The community Mass will be celebrated at 11:00 AM, Abbot Robert Barnes presiding and preaching. It is a non-work day and we follow the Sunday schedule with Benediction of the Most Blessed Sacrament following Vespers (5:30 PM).
Why all the festivities in Lent? This morning after Lauds (7:00 AM) Abbot Robert will clothe Postulant Aelred Joseph in the Novice’s habit in a private ceremony in the Chapter Room.
The ceremony is traditionally a community matter; in the middle ages, it represented the candidate’s break from “the world”, using the vocabulary of St. John’s Gospel. In this sense, “the world” means that willful, human tendency to misuse creation for our sinful, self-serving ends rather than what it was created for–ultimately, to lead us to God. And the medieval European culture associated “the world” with society and the monastic community with an alternate option. Thus the clothing of a novice was a private ceremony.
At that time, a year and one day later, the novice would have professed solemn vows for life. Today, the novitiate is two years long, followed by at least three more years of discernment in “temporary” or “simple” vows. We live in a very different society and religious culture than Christians in the Twelfth Century!
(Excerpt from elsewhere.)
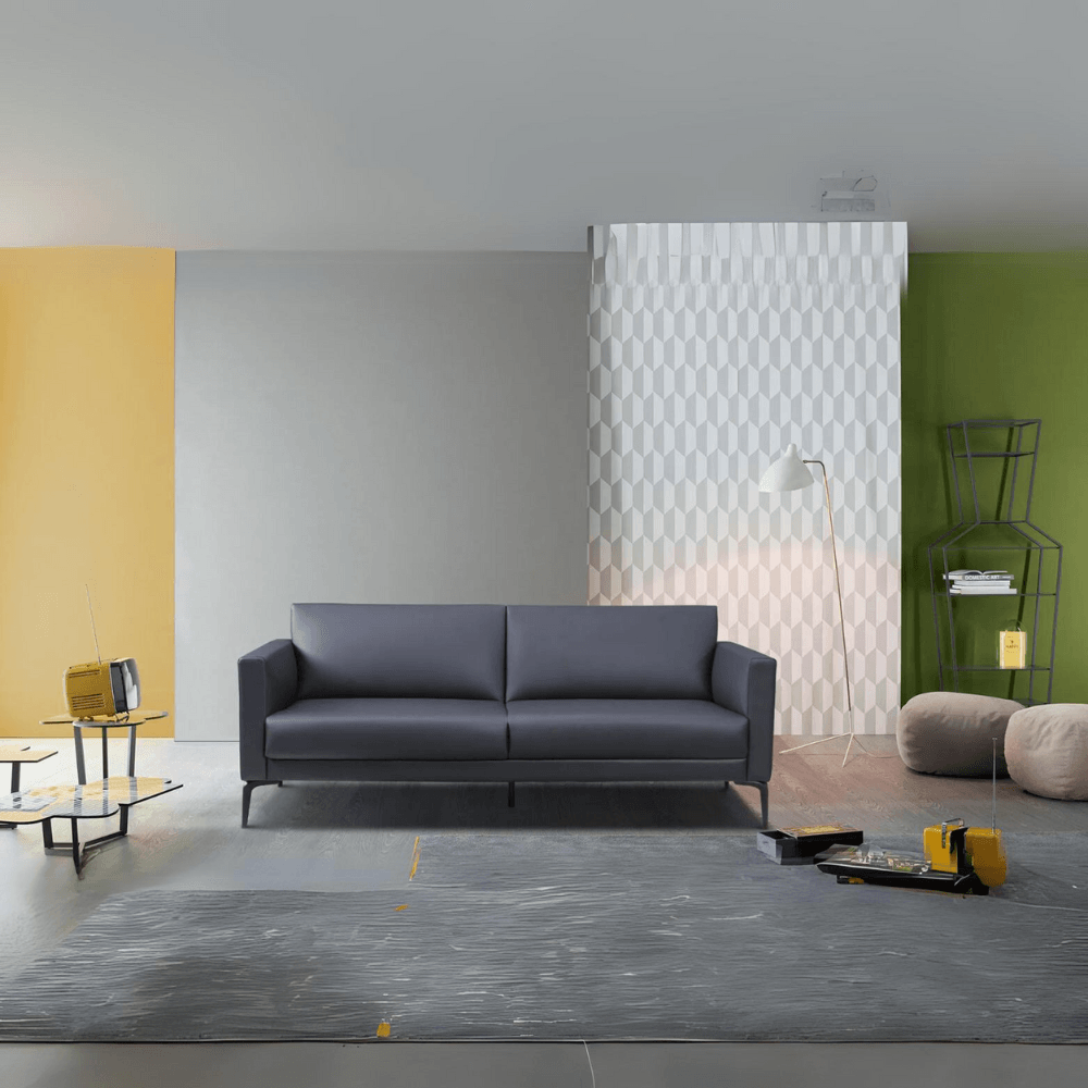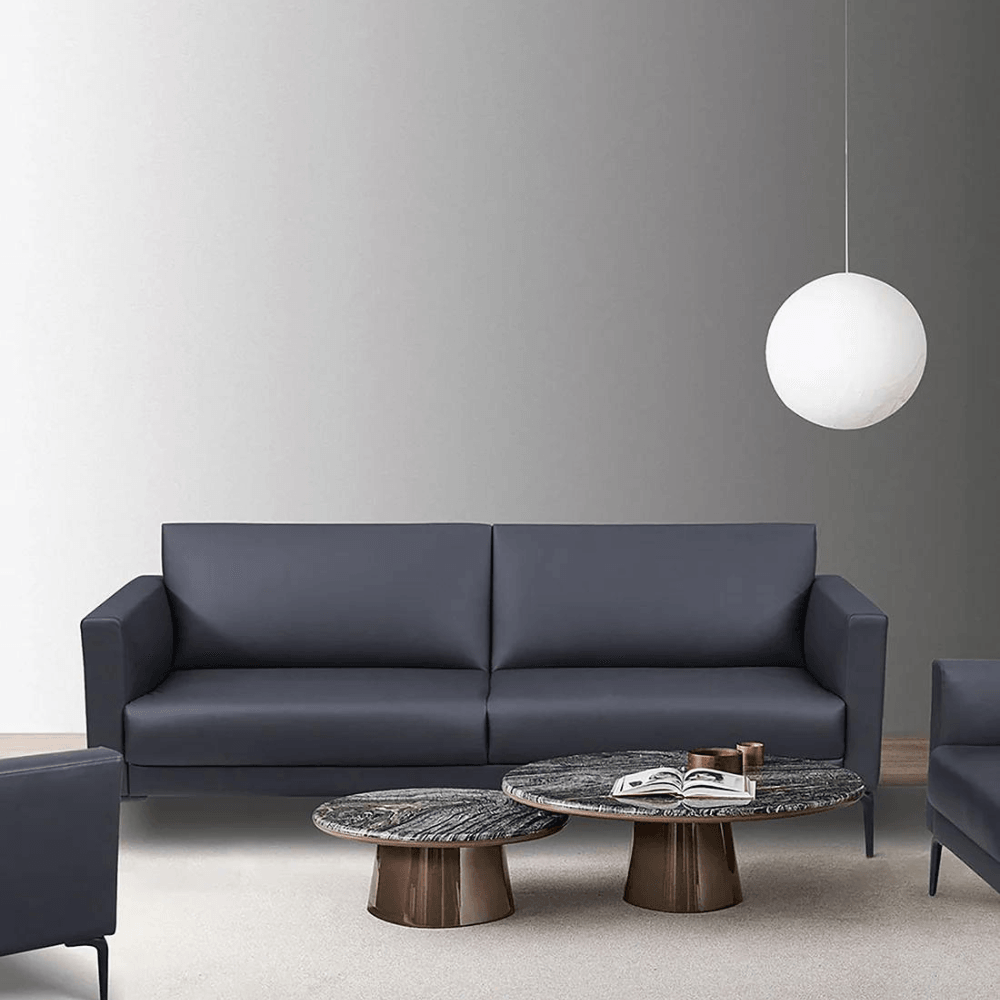 This sofa is upholstered in high-quality leather imported from Brazil, ensuring a luxurious aesthetic and increased durability. Its steel base with epoxy finish ensures stability and long-lasting resistance. The 40 kg/m³ high elasticity foam padding offers optimal comfort.

The novices habit is not identical with the habit of the Order; the scapular is white, representing restored innocence, rather than black, representing conversion and penitence. The habit of the Order is the cowl, or all-encompassing long sleeved and hooded white robe worn over the scapular, tunic and belt. The novice is given, instead, a white, hooded mantle. In other words, it is a transitional garment introducing a transitional–hopefully transformative–stage. It therefore makes sense to celebrate this step at a private ceremony.
Please keep Br. Aelred Joseph in your prayers, not only today but through the two years of his novitiate.